Outro ponto falho do livro, segundo a resenhista, é a falta de ênfase em análises das letras de Morrissey, "ao contrário do ocorre no site It May All End Tomorrow". Mas Angela elogia a profundidade e a seriedade do trabalho de Goddard – segundo ela, o autor de The Smiths – Songs That Saved Your Life em nenhum momento descambou para a fofoca ou para críticas pessoais.

Também ao MorrisseyTour Simon Goddard concedeu uma longa entrevista, na qual fala, entre outras coisas, da sua paixão pelos Smiths, da ajuda dada a ele pelo ex-baterista da banda na execução do livro, do seu método de trabalho. Como é comum nestes casos, Morrissey não deu ajuda nenhuma a Goddard, não quis mesmo saber de qualquer contato com ele.
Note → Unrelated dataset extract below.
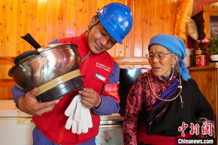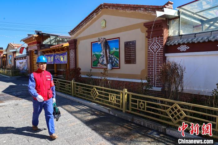 10月17日,在青海省海北藏族自治州剛察縣果洛藏貢麻村,久邁多杰前往牧民家中排查檢修。中新社記者 薛蒂 攝

Tudo o que o cantor fez foi lhe enviar quatro palavras por um intermediário: "Let Lying Dogs Sleep" (algo como deixe os cães mentirosos dormirem).

"Faz parte do seu enigma", justifica Goddard, que acha que "as ações de Morrissey, se algumas histórias sobre seu comportamento forem críveis, freqüentemente parecem ser bizarras e irracionais". Mas faltou acrescentar que ele é amado por seus fãs como poucos cantores o são.



Mike Joyce x Morrissey e Marr

“Devido à quantidade de mensagens ofensivas enviadas por uma minoria nos fóruns de mensagens e de perguntas, ambos foram suspensos até segunda ordem – desculpem amigos.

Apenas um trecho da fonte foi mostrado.